Your Agent's Memory Is an Asset, Not a Vendor Feature

Sergey Golubev 2026-06-20 15 min read

A builder holds a glowing box labeled "MY MEMORY .md", next to a shelf of swappable harness cartridges (Codex, Hermes, Claude Code). Wall signs read "OWN YOUR MEMORY, RENT THE ENGINE", "MODELS COME AND GO", "PORTABLE > LOCKED-IN". The metaphor: your memory is yours, you rent the engine.

Over the past six months I’ve watched practitioners bounce between wrappers for their personal AI agent. OpenClaw, then Hermes, then back to Codex or Claude Code. New setup, and you assemble everything from scratch again. And the real question keeps hanging there: what actually moves with you when you switch tools?

The answer is simple. What moves is what you own yourself: your memory and your skills. The model and the harness are consumables - you just rent them for the task.

Memory is the core artifact, and it has three dimensions

To keep memory simple yet solid, it helps to break it into three dimensions: where it lives, how it’s organized inside, and when it gets updated.

Storage - where it lives. The most common option is markdown. Cole Medin showed exactly this at the OME conference: his agent’s memory is just files on the computer, a local vault he opens in Obsidian. No vendor account. The word “memory” sounds impressive, but in practice it’s a set of text files in folders that the agent reads selectively each session. Markdown is easy to read for both the agent and a human, and opens in any editor. And it lives in one place: you switch tools - the files stay where they were; you don’t touch them, the new agent just reads them from there. Always with Git: it gives you history, rollback, and backup in one mechanism. Memory isn’t a vector database, it’s a trail of work: what the agent actually did and what you chose to keep.

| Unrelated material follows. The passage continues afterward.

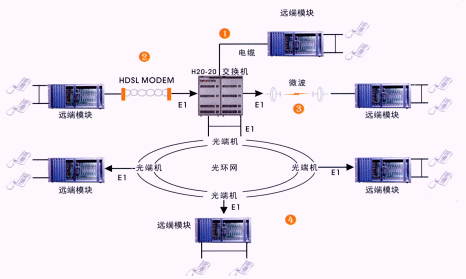 遠(yuǎn)端模塊通過標(biāo)準(zhǔn)2M(E1)接口與交換機連接。該接口不受傳輸距離和傳輸設(shè)備的限制。常用的傳輸設(shè)備有SDH、PDH光端機(光纜),數(shù)字微波、數(shù)字?jǐn)U頻,HDSL調(diào)制解調(diào)器(雙絞線)等。

Structure - how it’s laid out. One pattern is at work here, and lately it’s mentioned more and more - progressive disclosure. The idea: only a thin index is always loaded into context, while the full data is pulled in just-in-time, when it’s actually needed. Anthropic builds all of Claude Code this way: CLAUDE.md goes into context right away, while the full project files are read by the agent only when it gets to them. The same trick applies to skills - at first only a short frontmatter sits in context (name, description, triggers), and the whole SKILL.md loads only if the skill is needed. It even reached MCP: tool definitions for all connected tools used to sit in context immediately - easily tens of thousands of tokens before any work began - but since late 2025 Claude loads them on demand via Tool Search: the index first, the full tool schema pulled in at call time. The same trick everywhere, and it’s worth applying to everything - to memory first of all.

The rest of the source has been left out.